In this tutorial, I’ll provide numerous examples and step-by-step guidance on using Pixtral through the web chat interface, Le Chat, and programmatically via the API. But first, let’s cover the essential theoretical aspects of Pixtral.
What Is Pixtral 12B?
Mistral AI has launched Pixtral 12B, a model designed to process both images and text together. With 12 billion parameters, it can handle tasks that involve a mix of visuals and language, such as interpreting charts, documents, or graphs.
It’s useful for environments that require a deep understanding of both formats.
A key feature of Pixtral 12B is its capacity to handle multiple images within a single input, processing them at their native resolution. The model has a 128,000-token context window, which allows for the analysis of long and complex documents, images, or multiple data sources simultaneously. This makes it helpful in areas like financial reporting or document scanning for businesses.
Pixtral’s benchmarks
Pixtral performs well in tasks related to Multimodal Knowledge & Reasoning, especially in the MathVista test, where it leads the pack. In multimodal QA tasks, it also holds a strong position, particularly in ChartQA.
Source: Mistral AI
However, in instruction following and text-based tasks, other models like Claude-3 Haiku and Gemini Flash-8B show competitive or superior performance. This suggests that Pixtral 12B excels in multimodal and visual reasoning but may not dominate in purely text-based tasks.
Pixtral’s Architecture
The architecture of Pixtral 12B is designed to process both text and images simultaneously. It features two main components: a Vision Encoder and a Multimodal Transformer Decoder.
The Vision Encoder, which has 400 million parameters, is specifically trained to accommodate images of varying sizes and resolutions.
Source: Mistral AI
The second component, the Multimodal Transformer Decoder, is a more extensive model with 12 billion parameters. It's based on the existing Mistral Nemo architecture and is designed to predict the next text token in sequences that interleave text and image data.

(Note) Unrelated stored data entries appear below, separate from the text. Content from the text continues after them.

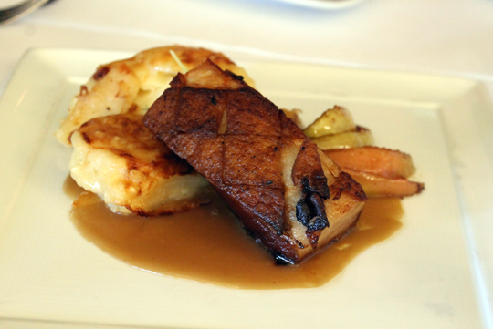 The night I was there, the restaurant featured a clever take on chicken and waffles. Only the chicken was swapped out for fried sweetbreads ($14) atop a vanilla-infused waffle all crowned with grilled nectarines, smoked maple syrup and salted peanut brittle. It was down-home yet uptown at the same time. An amazing dish.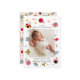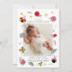 Niedliche Geburtsankündigungskarte mit einem senkrechten Foto Ihres Neugeborenen, in dem Ladybugs, Blume und Sterne dargestellt werden.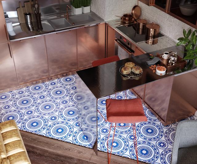 明亮的藍色圓形瓷磚鋪在廚房的地板上。褐色調的廚房凳子與銅櫥柜相得益彰。
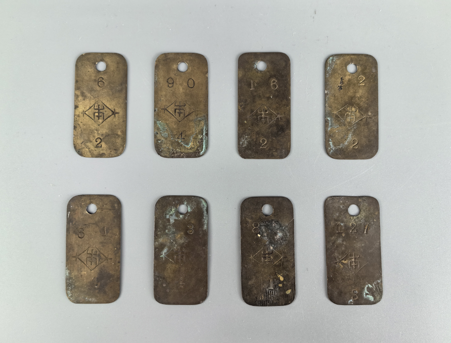 与上述文件一起发布的还有首次发现的妓院铜质号牌,共8枚,这些号牌上都标有数字。根据日军“慰安妇”制度管理体系初步判断,这些号牌上的数字应该是“从业妇”号码牌,每一个数字对应着一个“从业妇”。日军买票后,持有该号码牌便可以找到相应的“从业妇”,是日军“慰安妇”制度体系早期运作的直观体现,也为此后的管理提供了模板。反映了日军驻兵西伯利亚期间对妓院的控制和管理,对服务日军的“从业妇”健康的严格检查,以避免因健康问题影响日军战斗力。
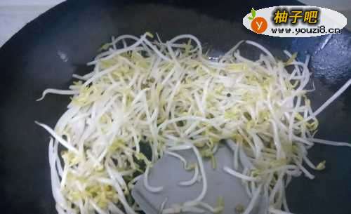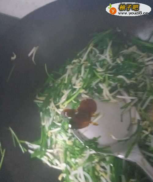 3爆香后倒入绿豆芽翻炒一会,然后加入切好的韭菜继续翻炒。下面我们就要放调味料:适量盐、南德。我们在加调味料时也要注意翻炒,以免菜糊。

This decoder can process very lengthy contexts (up to 128k tokens), enabling it to handle numerous image tokens and extensive textual information in large documents.
Source: Mistral AI
This combined architecture allows Pixtral to deal with a wide range of image sizes and formats, translating high-resolution images into coherent tokens without losing context.

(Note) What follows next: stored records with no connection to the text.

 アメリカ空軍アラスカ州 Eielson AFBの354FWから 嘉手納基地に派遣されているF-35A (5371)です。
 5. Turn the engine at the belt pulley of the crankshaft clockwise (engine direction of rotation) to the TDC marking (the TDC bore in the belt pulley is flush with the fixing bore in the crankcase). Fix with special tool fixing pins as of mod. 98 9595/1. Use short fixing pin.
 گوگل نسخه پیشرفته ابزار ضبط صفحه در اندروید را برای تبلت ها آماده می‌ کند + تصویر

How to Use Pixtral on Le Chat
The easiest way to access Pixtral for free is through Le Chat, their chat interface. This interface resembles other LLM chat interfaces—like that of ChatGPT, for example.

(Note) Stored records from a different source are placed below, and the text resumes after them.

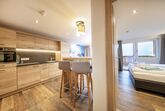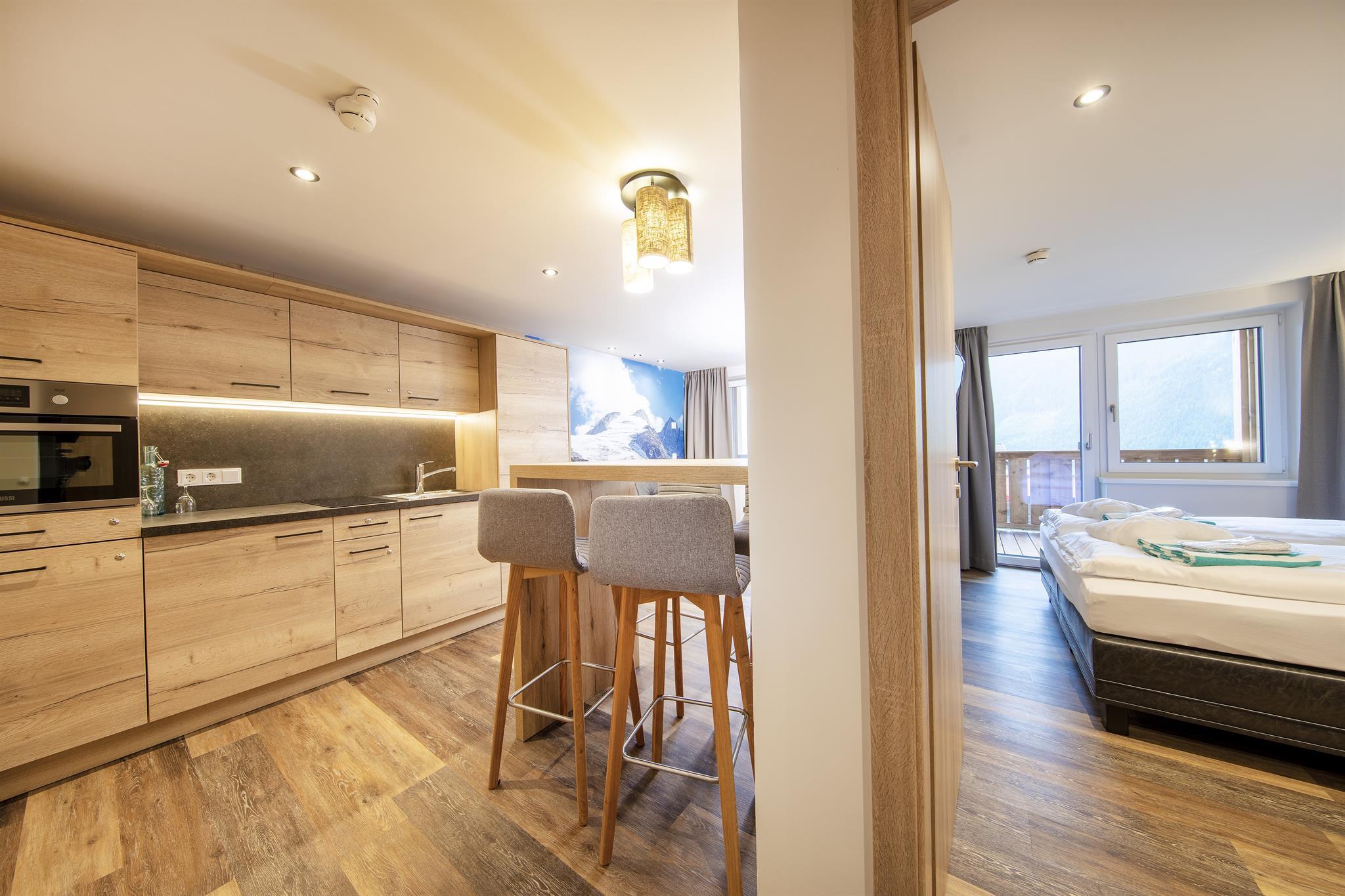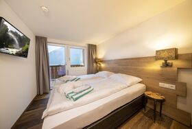 Die im Frühjahr 2019 komplett renovierten Hotelappartements (für 1-4 Pers.) im alpin-modernen Design wurden mit natürlichen Materialien ausgestattet. Die allergikergerechte Ausstattung sorgt für Wohnkomfort mit höchsten Ansprüchen. Dieses Appartement verfügt über ein getr. Schlafzimmer, einem Wohnraum mit Ausziehcouch und getr. WC und Badezimmer. Vom eigenen Balkon genießen Sie den Panoramablick auf die Berge.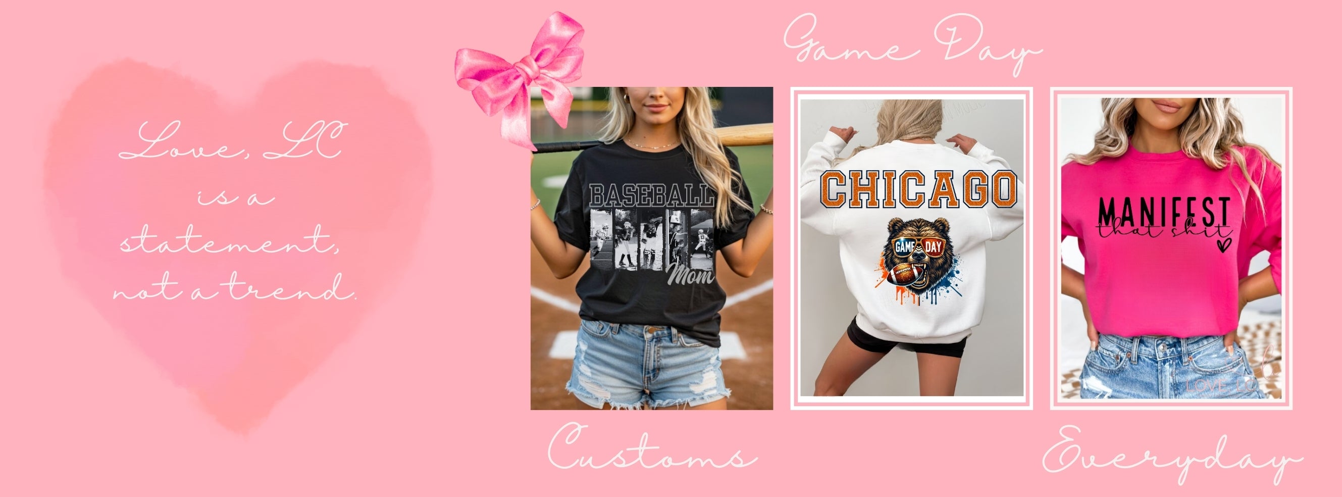 Struggling to find the balance between work, home, mom life and nights out? We want to bring you the perfect addition to make you feel amazing no matter what you are doing. Our styles are made from top quality materials and in house graphic designs exclusive the Love, LC.
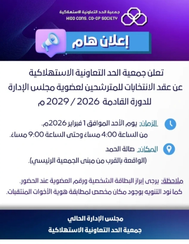 ينتخب اليوم أعضاء الجمعية العمومية لجمعية "الحد" التعاونية الاستهلاكية بالبحرين مجلس إدارة جديد ليقود الجمعية للدورة القادمة 2026-2029.

To use Pixtral, navigate to the model selector located at the bottom, next to the prompt input, and choose the Pixtral model from the list of available models.
Pixtral is a multimodal model that supports both text and images. By using the clip icon located at the bottom, we can upload one or more images and combine them with a text prompt. For example, this functionality can assist us in identifying a fruit depicted in an image.
Let's explore another example where we request Pixtral to transform an image containing a pie chart into a markdown table:
How to Connect to Pixtral’s API on La Plateforme
Although using Pixtral through its web interface is nice and easy, it's not suitable for incorporating it into our projects. In this section, we will discuss how to interact with Pixtral via their API using Python, through La Plateforme.
Profile setup
To begin, we need to create an account. This can be done with just one click by using a Google account, or alternatively, by setting up a traditional account with a username and a password.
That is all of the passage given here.